Illustrative blocks and modules described herein may be implemented or performed with one or more processors, such as a DSP, an ASIC, an FPGA, discrete gate logic, discrete transistor logic, discrete hardware components, other programmable logic device, or any combination thereof designed to perform the functions described herein. A processor may be an example of a microprocessor, a controller, a microcontroller, a state machine, or other types of processors. A processor may also be implemented as at least one of one or more computing devices (e.g., a combination of a DSP and a microprocessor, multiple microprocessors, one or more microprocessors in conjunction with a DSP core, or any other such configuration).

As used herein, including in the claims, “or” as used in a list of items (for example, a list of items prefaced by a phrase such as “at least one of” or “one or more of”) indicates an inclusive list such that, for example, a list of at least one of A, B, or C means A or B or C or AB or AC or BC or ABC (i.e., A and B and C). Also, as used herein, the phrase “based on” shall not be construed as a reference to a closed set of conditions. For example, an exemplary step that is described as “based on condition A” may be based on both a condition A and a condition B without departing from the scope of the present disclosure. In other words, as used herein, the phrase “based on” shall be construed in the same manner as the phrase “based at least in part on.”

As used herein, including in the claims, the article “a” before a noun is open-ended and understood to refer to “at least one” of those nouns or “one or more” of those nouns. Thus, the terms “a,” “at least one,” “one or more,” “at least one of one or more” may be interchangeable. For example, if a claim recites “a component” that performs one or more functions, each of the individual functions may be performed by a single component or by any combination of multiple components. Thus, the term “a component” having characteristics or performing functions may refer to “at least one of one or more components” having a particular characteristic or performing a particular function. Subsequent reference to a component introduced with the article “a” using the terms “the” or “said” may refer to any or all of the one or more components. For example, a component introduced with the article “a” may be understood to mean “one or more components,” and referring to “the component” subsequently in the claims may be understood to be equivalent to referring to “at least one of the one or more components.” Similarly, subsequent reference to a component introduced as “one or more components” using the terms “the” or “said” may refer to any or all of the one or more components. For example, referring to “the one or more components” subsequently in the claims may be understood to be equivalent to referring to “at least one of the one or more components.”

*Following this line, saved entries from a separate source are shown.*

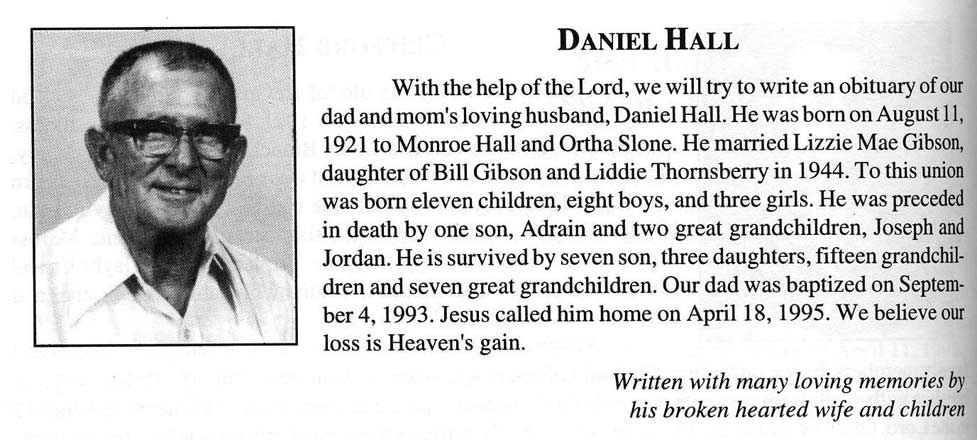 B: 8-6-1898 D: 9-23-1973, s/o Dave and Rosie Howell Hall, h/o Verdie Mitchell married: 2-4-1920, 7 children
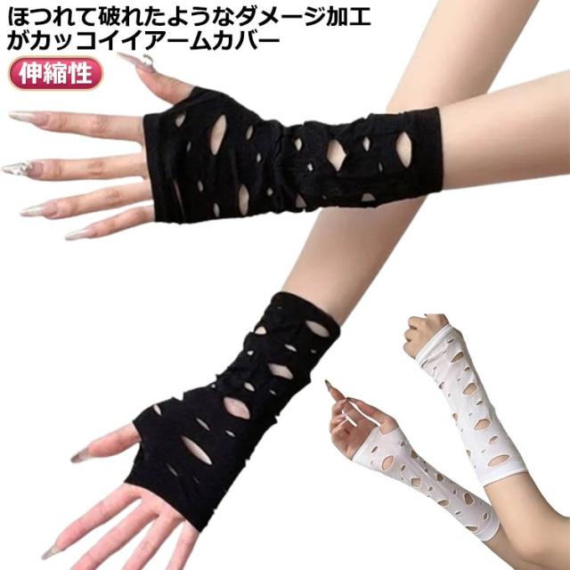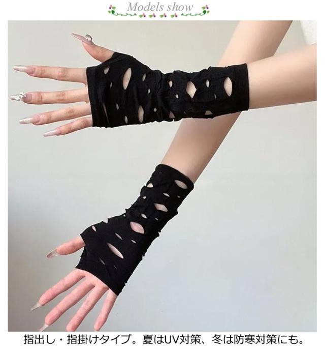 アームカバー アームカバー 破れ 指なし ダメージ加工 ほつれ 地雷系 韓国 量産型 レディース アームウォーマー 伸縮性 手袋 病みかわ アイドル衣装 パンク ステージ衣装 腕カバー コスプレ原宿系 y2k V系 ゴシック ゴスロリ 仮装
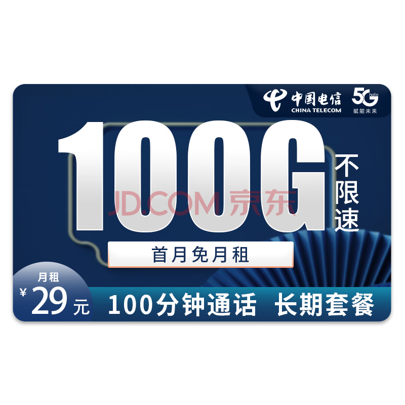 中国电信 5G白雪卡-29元100G流量+100分钟+长期20年套餐

Computer-readable media includes both non-transitory computer storage media and communication media including any medium that facilitates transfer of a computer program from one place to another. A non-transitory storage medium may be any available medium, or combination of multiple media, which can be accessed by a computer. By way of example, and not limitation, non-transitory computer-readable media can comprise RAM, ROM, electrically erasable programmable read-only memory (EEPROM), optical disk storage, magnetic disk storage or other magnetic storage devices, or any other non-transitory medium or combination of media that can be used to carry or store desired program code means in the form of instructions or data structures and that can be accessed by a computer, or one or more processors.

The descriptions and drawings are provided to enable a person having ordinary skill in the art to make or use the disclosure. Various modifications to the disclosure will be apparent to the person having ordinary skill in the art, and the techniques disclosed herein may be applied to other variations without departing from the scope of the disclosure. Thus, the disclosure is not limited to the examples and designs described herein but is to be accorded the broadest scope consistent with the principles and novel features disclosed herein.